Hi, I’m Christopher Lavin. I’m an attorney with the Lavin Law Group here in Lebanon, Ohio. And a big part of elder law is crisis planning or long term care planning. So we get a lot of questions in that regards.
Now, one of the main portions of our state is the real estate. And when we get a little older families coming come they together a little more than ever before. And sometimes I’ll review a deed and I see both names on the deed. And I have to ask, what was the purpose of that? Was it that you purchased it together?
Were you trying to do some probate avoidance? Was it a long term care plan? And based on that answer, I can make the next recommendation. One thing I have to do is I have to be concerned about both names. And I did for for a few reasons. One, it’s a liability issue. If one of the persons on the deed has an accident get sued, the other person’s interest can be at risk.

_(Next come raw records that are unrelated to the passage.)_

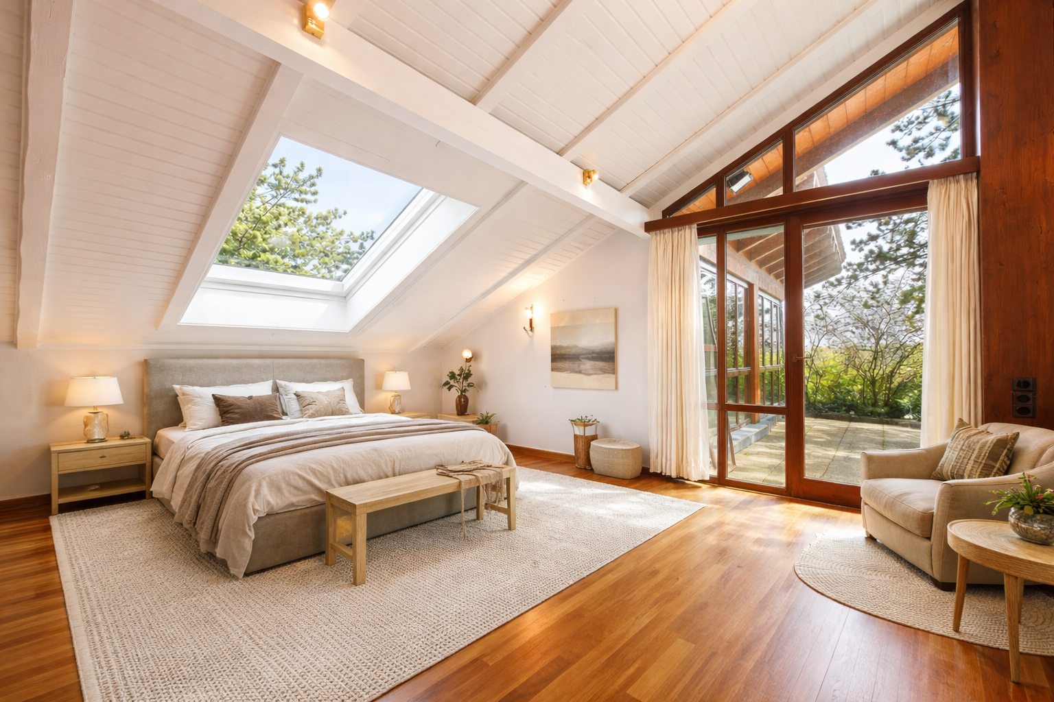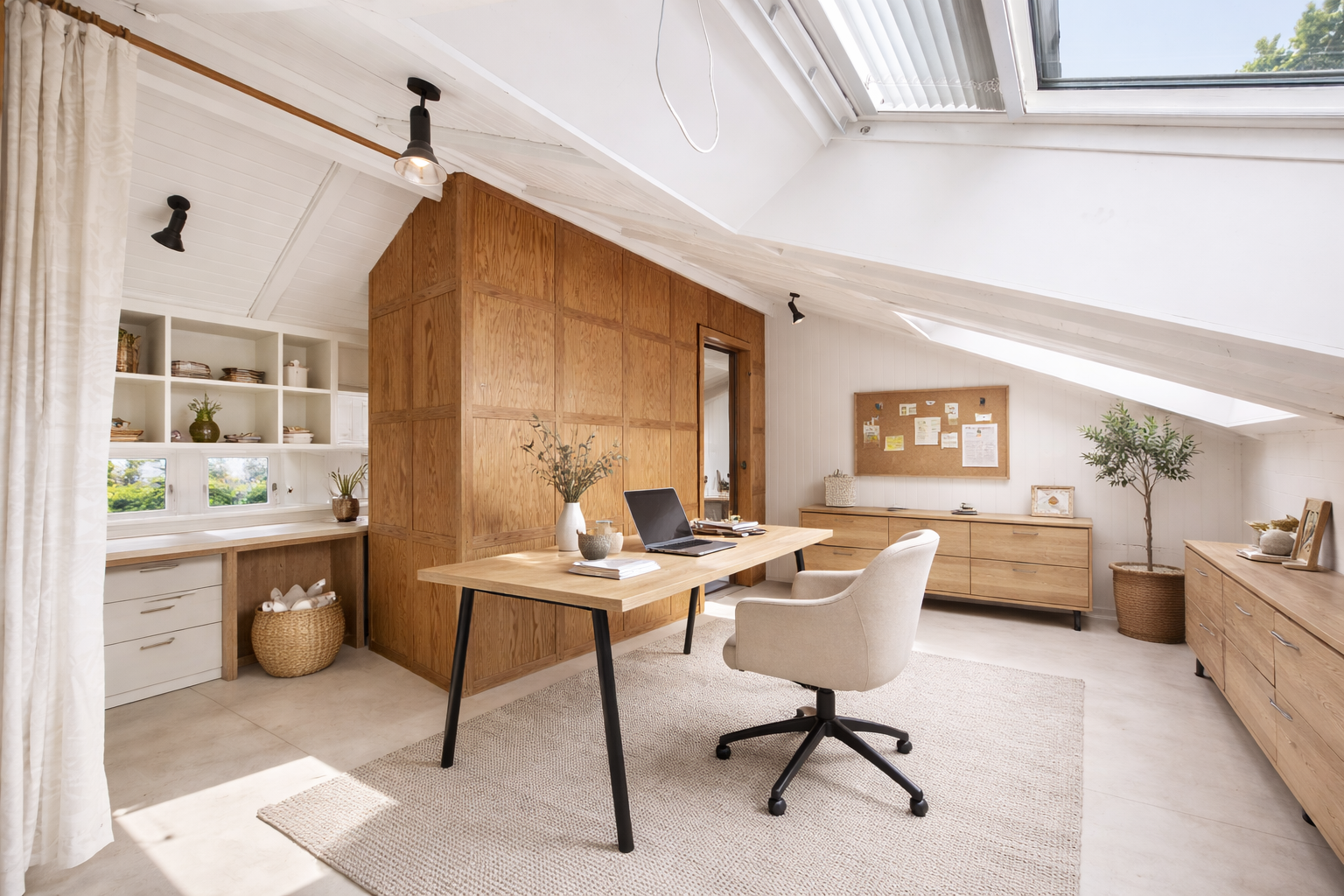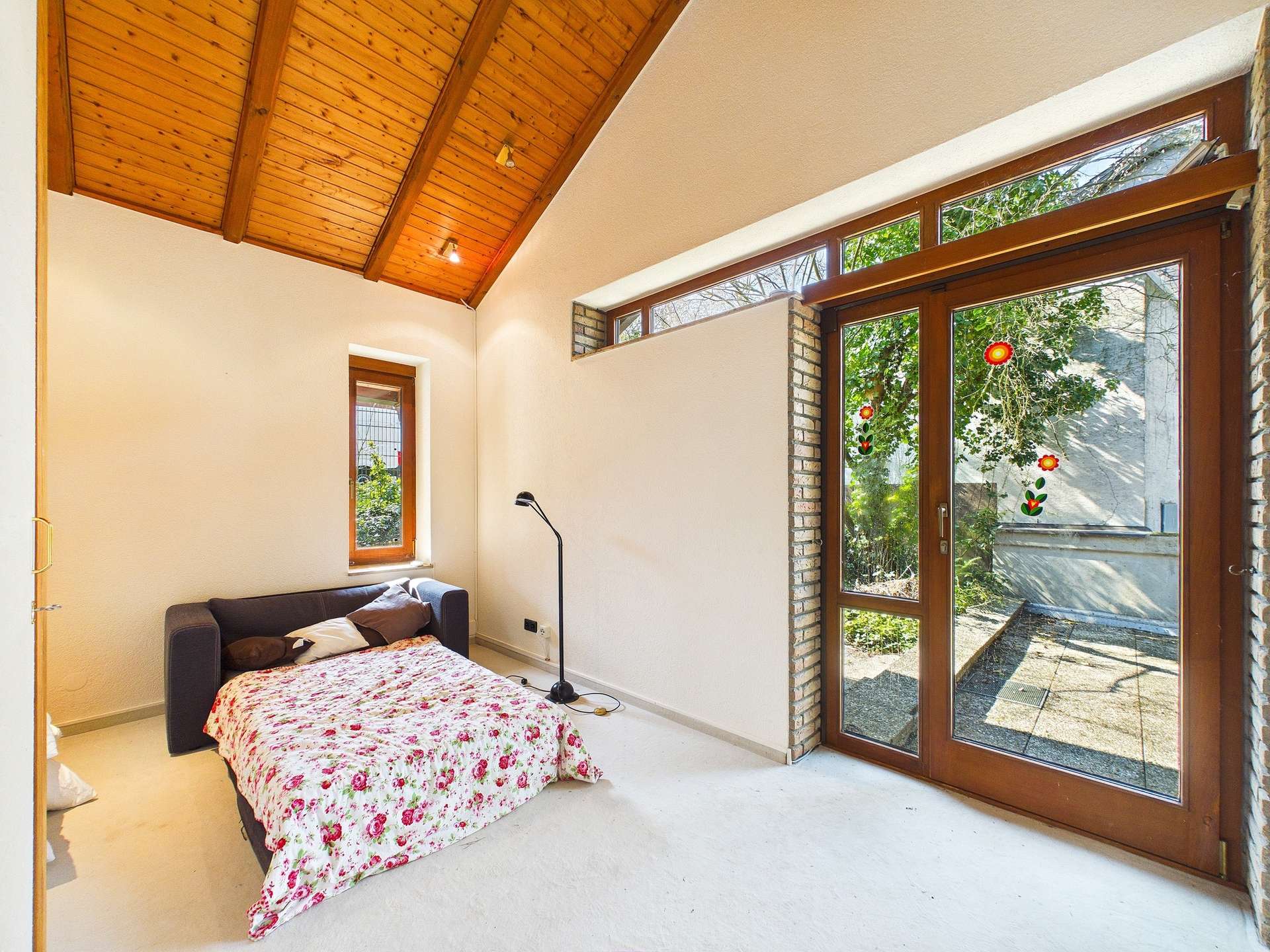 Über eine Treppe gelangen Sie in das Obergeschoss, das sich hervorragend als Gästebereich, Homeoffice oder separater Arbeits- und Kreativbereich eignet. Ob stilvolles Gästezimmer, ruhiges Büro oder individueller Rückzugsort, auch hier zeigt sich die besondere Flexibilität dieses Hauses.
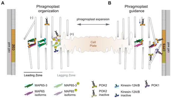 Interestingly, those Arabidopsis kinesin-12 members that localize to the midzone of the phragmoplast also share the microtubule cross-linker MICROTUBULE-ASSOCIATED PROTEIN 65-3 (MAP65-3)/PLEIADE (PLE) as an interaction partner, aiding the maintenance of the bipolar phragmoplast. MAP65 family members play a role in microtubule stabilization (Figure 3) [,]. In particular, MAP65-3 forms cross-bridges between the interdigitating microtubules of the phragmoplast and this cross-linking function is essential for phragmoplast integrity and for cytokinesis [,]. In ple-2 mutants, phragmoplasts display considerably wider midzones, subsequently leading to cytokinesis failure and the formation of incomplete cell walls or stubs and multinucleated cells []. Notably, MAP65-3/PLE emerges at the overlap of the antiparallel microtubules in the anaphase spindle before PAKRP1/Kin12A and PAKRP1L/Kin12B arrive at the phragmoplast midzone []. MAP65-3 seems to be essential for midzone retention of PAKRPs as midzone association of PAKRP1/Kin12A was abolished in dyc283 MAP65-3 mutants []. PAKRP1/Kin12A and PAKRP1L/Kin12B are decorating the interdigitating plus ends of phragmoplast microtubules within the division plane (Figure 3) [,]. The kin12akin12b double mutants fail to organize a functional phragmoplast, as the microtubules between the daughter nuclei do not acquire a bipolar arrangement []. However, this is only observed in dividing microspores whereas somatic cells undergo unperturbed cytokinesis, suggesting functional redundancy in these cells. A recently characterized candidate that might counterbalance the loss of PAKRP1/Kin12A and PAKRP1L/Kin12B function in somatic cells of the respective double mutants is kinesin POK2/Kin12D. It begins to accumulate at the phragmoplast midzone during the transition to cytokinesis and continuously localizes there until the disappearance of the phragmoplast (Figure 2) []. In a motility depended manner, POK2/Kin12D reaches the midzone where it interacts with MAP65-3 and likely some of its isoforms (Figure 3) []. The interaction with MAP65-3 is probably confining POK2/Kin12D at the midzone as it is diminished in ple-2 mutants []. MAP65-3 seems to have a specific affinity for the intrinsically disordered N-terminal region of POK2/Kin12D that directly precedes the motor domain (Figure 1). Moreover, POK2/Kin12D binds to various MAP65 family members including MAP65-3 via its C-terminal domain (Figure 1), which fine-tunes the midzone localization of POK2/Kin12D (Figure 3) []. Most likely, it is this capacity of the POK2/Kin12D C-terminal domain to bind various MAP65 isoforms that retains it at the midzone, even in the absence of MAP65-3/PLE. These various MAP65 isoforms exhibit distinct localization patterns during cytokinesis, decorating the entire phragmoplast or only regions of it. To date experiments investigating the genetic interactions of kinesin-12 with MAP65 members other than MAP65-3 are still needed to untangle functional redundancies. Thus, the topological redundancy of several kinesin-12 members at the midzone might essentially provide functional phragmoplast organization and expansion. Along these lines, it would be interesting to examine whether similar interaction modules exist between kinesin-12 and MAP65 in basal land plants. The kinesin-12 family in Physcomitrella is remarkably expanded, containing sixteen members that belong to class I (related to POKs) and four to class ΙΙ (related to PAKRP1/Kin12A and PAKRP1L/Kin12B), whereas at least three out of the five PpMAP65 members produce severe phenotypes upon simultaneous depletion (Figure 1) [,,].
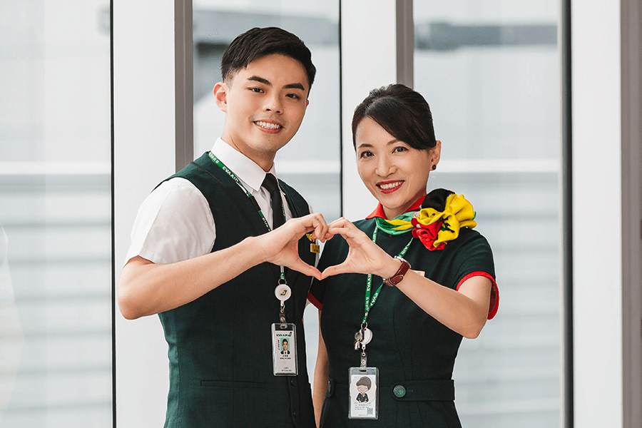 長榮航空日本分公司邀請這對母子在相機前重現當年場景,只見母子身上的最新版制服筆挺,笑容溫暖而燦爛,不過相較於母親的自信、專業,兒子的笑容似乎還有些青澀、靦腆。
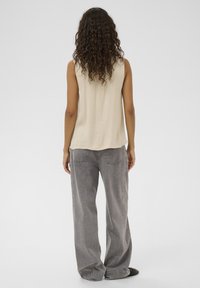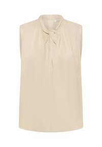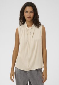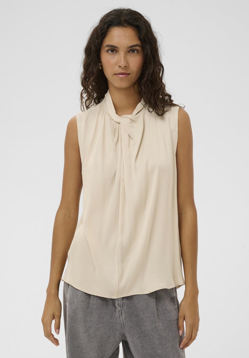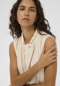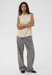 Bézs színű ujjatlan blúz, amelynek drapírozott, csomózott nyakvonala van, puha tapintású és bő szabású, szürke magasderekú nadrággal párosítva.

Another issues can be tax consequences. Simply adding a name to a deed is not a cure all. Because now the IRS may say, you over gifted and we may cause unnecessary capital gains and it’s not always a long term care solution. Simply adding your name to a deed is not always enough. A lot of folks will say, Well, isn’t it half mine, half my mother’s, It can be.
But a good caseworker is going to ask for contribution. What did that child put into that house? And that’s what we’ll give them back so it can cloud title. And I’m not saying it can cloud title. We have to look at that. I know our goals can be to preserve a portion of this estate that can be cleaner ways to do it through trust planning especially.
So please, if you’re going to add a name to the deed, go through all the pros and cons with your advisors before it, before you do so.